2. Unreliable narrators

We’ve seen this before. You navigate your way through a videogame, digesting bits of plot and interacting with characters, only to find that at the end, nothing was as it seemed. Either the protagonist was an amnesiac (Amnesia), mentally ill (Silent Hill) or even senile (Ether One). Don’t get me wrong—the unreliable narrator trope is a great way to frame certain stories. But in videogames, it tends to get used cheaply, like an M. Night Shyamalan plot twist. By throwing the revelation that your character has been flawed from the start and nothing is real, developers can justify completely turning a narrative and hours of plot and characterization on its head on a dime.

3. Silent protagonists

Like most tropes that end up criminally overused, the idea of the silent protagonist was born out of an interesting idea. After all, providing players with a tabula rasa onto which they can project their own identities, thoughts and even dialogue seems like a great way to increase engagement with a game and help players feel like they’re even more a part of the story.

This may work for narratively simplistic games like Half-Life—by all accounts the principal champion of silent protagonist games—but it’s easy for writers to overlook the fact that stories with narrative depth and complexity rely on characters. Silent protagonists are, by definition, non-characters. By leaving the nature of their interactions with the fictional world’s inhabitants up to the imagination of players, developers are sacrificing narrative precision and essential characterization. It’s the equivalent of trying to field a football team without a quarterback—you’re missing an essential part of what makes the whole thing work.

4. Piecemeal narrative

One of the chief problems when writing a story for a videogame—especially a multi-hour, big-budget game—is how to take a finite amount of plot and stretch it across dozens of hours of game.

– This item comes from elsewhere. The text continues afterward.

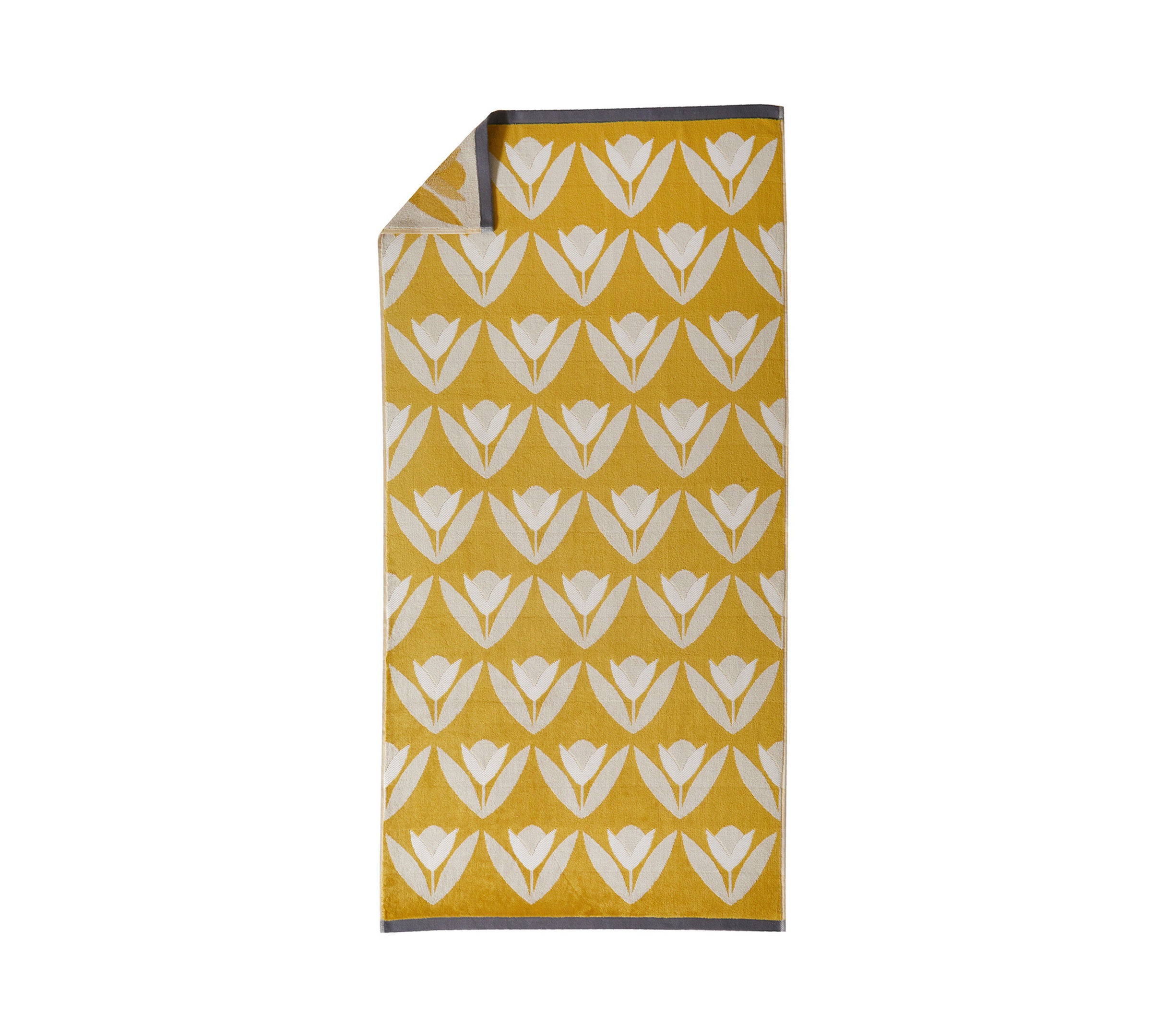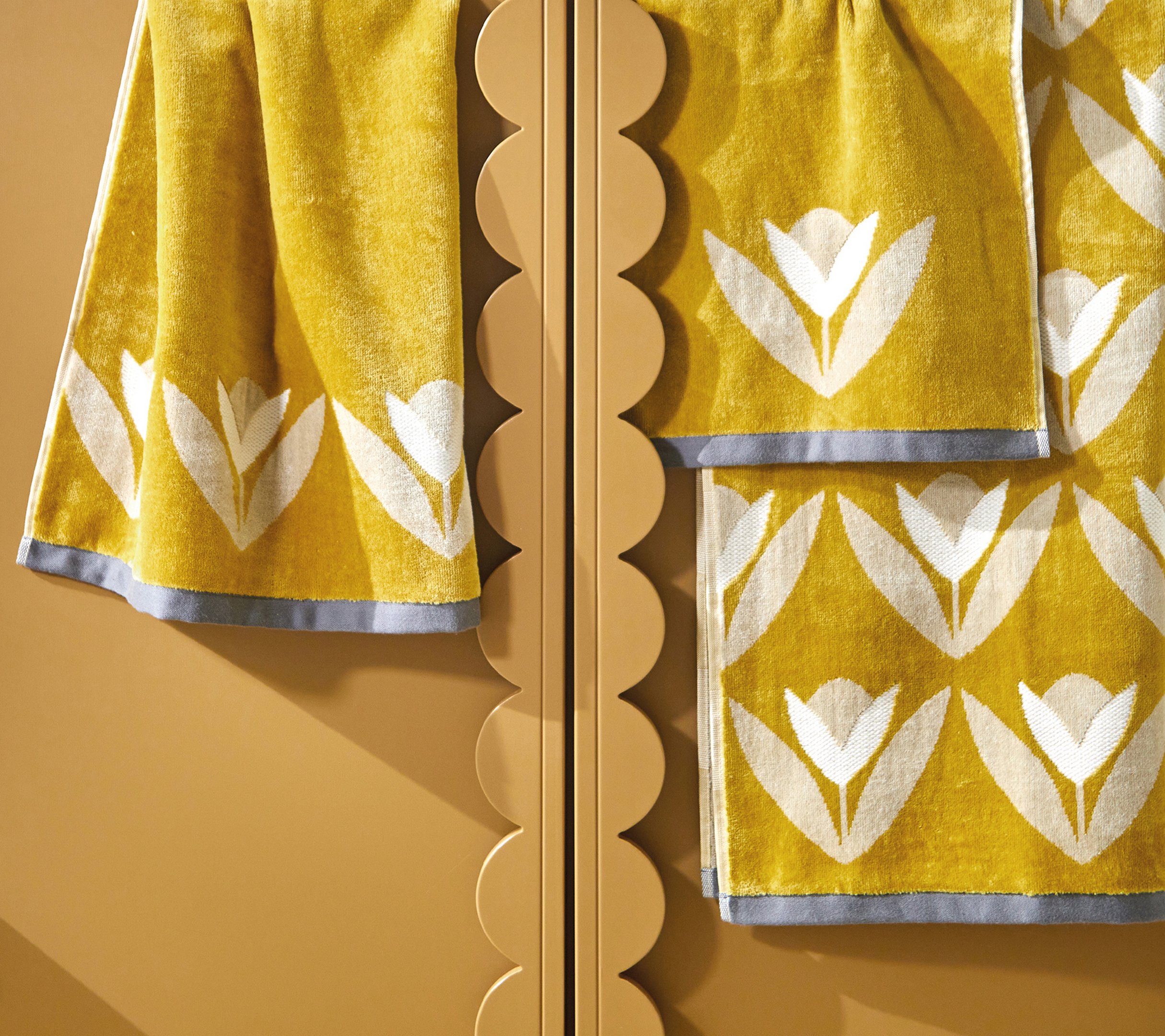 Drap de douche 70/130 cm en éponge 100% coton 550 gr . Enveloppez-vous dans le confort moelleux et la qualité du drap de douche SCION LIVING et découvrez notre modèle TULIPA ocre. Cette éponge est réalisée avec une face en velours de coton pour bénéficier d'une exceptionnelle douceur, et l'autre face en bouclette pour garantir une parfaite absorption Les grands motifs de tulipes stylisées font de cette éponge un modèle utra chic et moderne. Vous allez adorer vous y lover !

One solution, especially in the horror and suspense genre, is to break the story up into tiny chunks and feed it to players over a protracted period, punctuating hours of action or puzzle-solving with the next link in the narrative chain.

Granted, this trope certainly can work. Games like Gone Home, for instance, which are pure, liquid narrative, are at their core about the process of uncovering the story. In such examples, the act of playing the game and the act of unraveling the narrative are one and the same. But all too often this method gets leaned on to a game’s detriment. The Talos Principle, a game that is by all rights about solving puzzles, offers its narrative (such as it is) in drips and dribbles across a variety of delivery methods, from audiologs to information terminals. But there is a fundamental disconnect between how the players solve the puzzles and the narrative slowly being revealed to them. In this light, the puzzles become little more than interactions intended to pad out the narrative, while the plot and its presentation become the sole reward for continuing the game.

5. Cutscenes

Every fiction writer knows the maxim “show don’t tell.” In other words, paint a picture that lets your readers see what’s happening rather than explaining it to them second-hand. In games, this is one step removed to “do don’t show.” The interactivity of games is their greatest strength, and any sequence that takes away from that to present players with what’s effectively a short film is a missed opportunity.

There are so many ways to establish character and setting within a game without even a single line of dialogue. Level design, the types of interactions and controls available to players and even subtle background elements can all come together to tell the story of a fictional place or present a character’s background or insight into their mindset. Some games have abandoned cinematic cutscenes for the “scripted sequence,” which are basically cutscenes that allow the player to walk around. While this is a step in the right direction, developers and writers could benefit greatly from turning away from dialogue and expository narrative and instead investing more in visual storytelling.

Patrick Lindsey is a Boston-based game critic and occasional developer. He writes his bios in the third person because that’s what everyone else does. He reluctantly claims responsibility for what you will find on Twitter @HanFreakinSolo.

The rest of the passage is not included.